Two parts of the personality take part in the formation of this form of behavior.: the first part - the child (the child perceives himself from the words of people close to him, not yet endowed with the ability to compare and analyze). The second part is the parental part (the accuser) - a hidden display of a certain adult who has become a source of negative opinion. It is this “accuser” who gives himself the privilege of condemning all the actions of the “guilty” in the most severe form, while the sensitive part - the “child” cannot answer.

This happens according to the following scenario; some event went wrong, the "accusing parent" contemptuously comments: "you are nothing!" Since the “child” is dependent on the “parent,” the only way of cooperation between them is through emotional dictate. The “children's part” is drawn to the “parental”, performing actions that will make the “condemning” pay attention, even if it will again be an unflattering review.

Further, the “childish” part is deprived of the right to defend oneself or the ability to declare its needs (insignificant people are strictly prohibited from doing this). As a result, the experiences are "strangled", the circle closes on itself or the negative pours out on strangers.

Such a clever technique reduces the tension from the feeling of disharmony, but for a short period of time. The inner “parent” will not stop accusing him of insignificance, because this phenomenon is a kind of sound recording, turned on in the “repeat” mode and terrorizing the mind.
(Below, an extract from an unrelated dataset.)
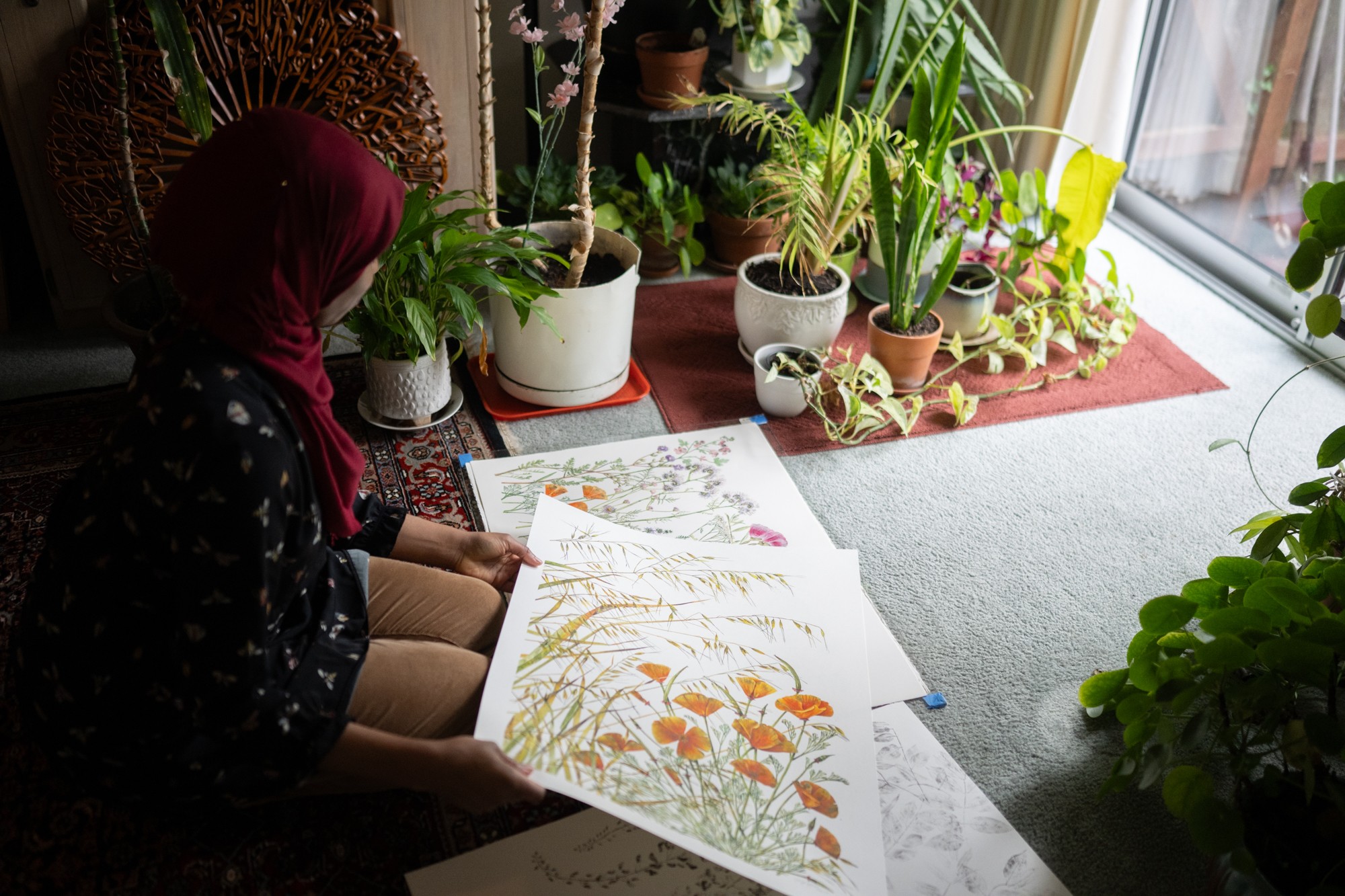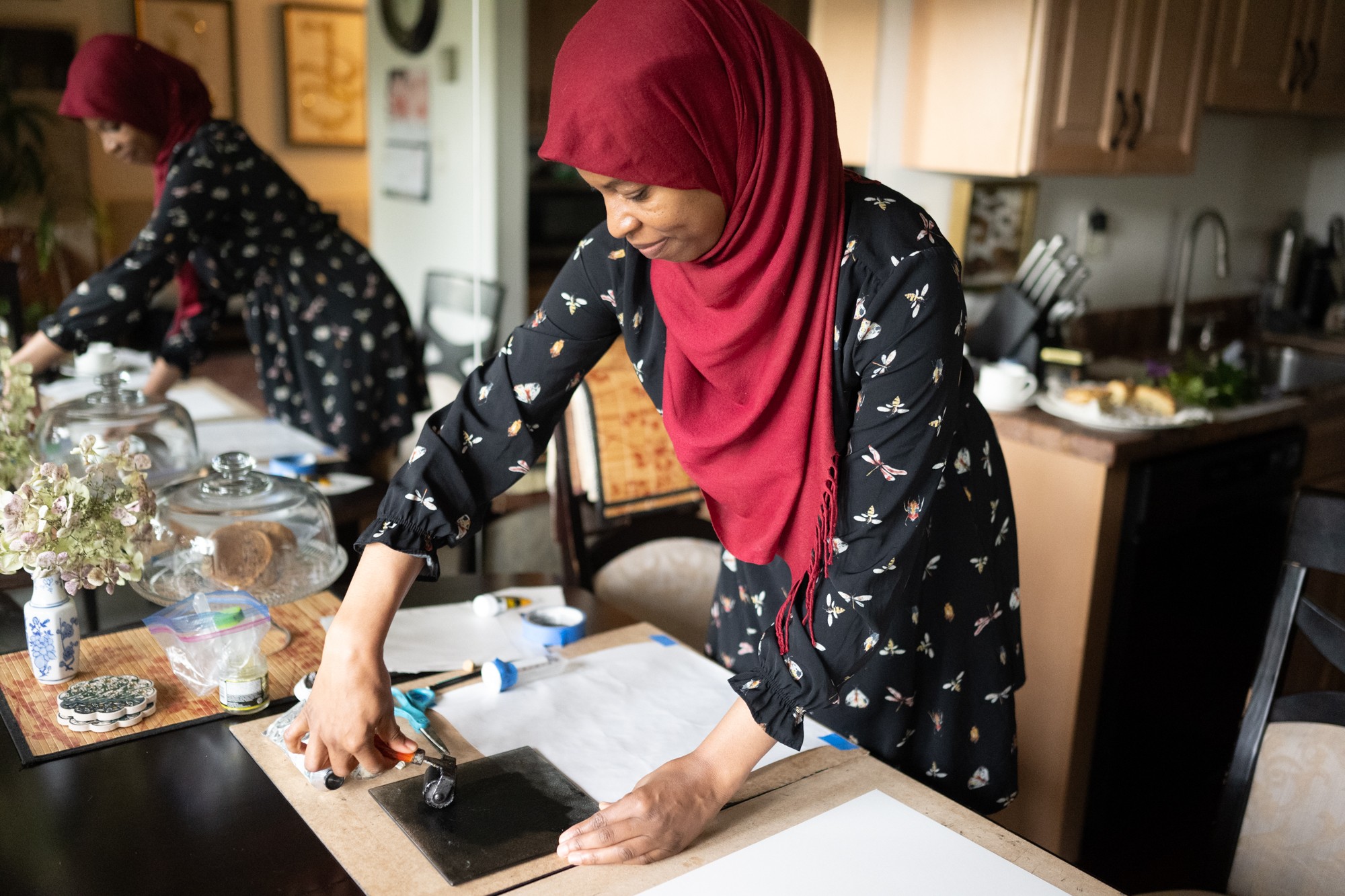 I create original hand-printed and illustrated botanical artwork, sell fine art prints, exhibit in galleries and museums, and lead hands-on workshops. What makes my work a little different is the way it weaves together all the parts of who I am. I’m a physician, an artist, a Muslim woman, a Nigerian-American, a plant lover, an educator, and someone who’s still learning. My creative practice integrates faith, spirituality, science, and storytelling through plants. Through this work, I collaborate with the community to (re)connect with the botanical world and (re)consider our relationship to it.
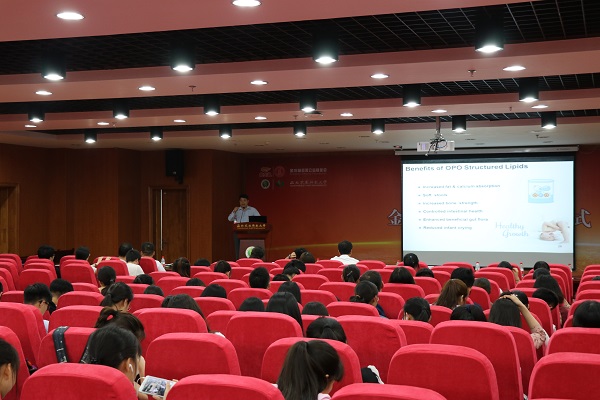 颁奖典礼结束后,徐学兵总经理进行了一场以“Tailor-making Lipids for Human Nutrition”为题的学术报告,从膳食脂质的引入、脂质结构和生物利用度、专为营养而定制脂质和总结四个部分展开报告。第一,提出了什么是人类营养的理想油脂。中国经济的快速增长所带来营养失衡,导致出现大量疾病人群。第二,要理解问题背后的原因,其一是全球性的营养问题在发生变化,其二是中国大量人群的特殊性、差异性。第三,脂肪酸、化学结构、物理操作对当前的营养益处意义重大。对营养更深的理解将伴随对食品的设计,不仅好吃还要营养健康。在此类要求下面临很多挑战,例如,怎样用技术发展来满足营养需求等。但在面临挑战的同时,行业也可获得发展动力,以新技术改变对传统的理解,对不同个体所需的营养进行定制。第四,他表示突破式的理解激发着食品行业的发展。我们现在处在最好的时代,希望每位同学参与到这种变化中。中国食品行业时代已经到来,不仅仅是满足吃饱吃好而是要吃的营养,这需要几代人的努力,我们希望到2030年能提高中国基本的营养健康水平,至2050年中国能真正从经济到人体素质全面达到发达国家水准。

And he doesn't care what events happen to the individual. In any case, the "child" will continue to experience awkwardness and embarrassment.

The most important thing in getting rid of self-dislike is awareness and honest acceptance of this emotional state

You should analyze your adolescent fears and grievances, make the "accuser" your ally, turn him into a loving and supportive adult comrade, help yourself, intensely control weak points, although habitual patterns of behavior will try to return everything to its place, because this is more usual and, respectively safer.

An effective practice for freeing the soul from feelings of guilt is the technique of forgiving oneself. It can be realized with the help of any meditation. The most important condition is regular conduct (daily for a month).

Forgiveness technique "I forgive myself for …"

Performing this technique, you should take the most comfortable lying position and in your mind begin to remember all the moments and actions from your life for which you excuse yourself, saying the phrase "I forgive myself for …". No need to strain, let associations arise freely. The phrase must be pronounced clearly, without leaving the side. The meaning of meditation is to feel insight (when the subconscious mind "gropes" something significant, the body will immediately react by relaxing the muscles in a certain area - a pleasant and unfamiliar impression until then).

Next, you need to stand in front of the mirror and start saying the first thing that comes to mind at that moment. Despite the fact that it may seem like absolute nonsense and nonsense (for example, "I forgive myself for the fact that I am wearing a terrible dress, that I have no taste, that I look disgusting, etc."). And try to grasp the insight again. The moment when the reflection in the mirror will show a wonderful and calm person, with a bright, sweet and contented face, whose appearance you will like.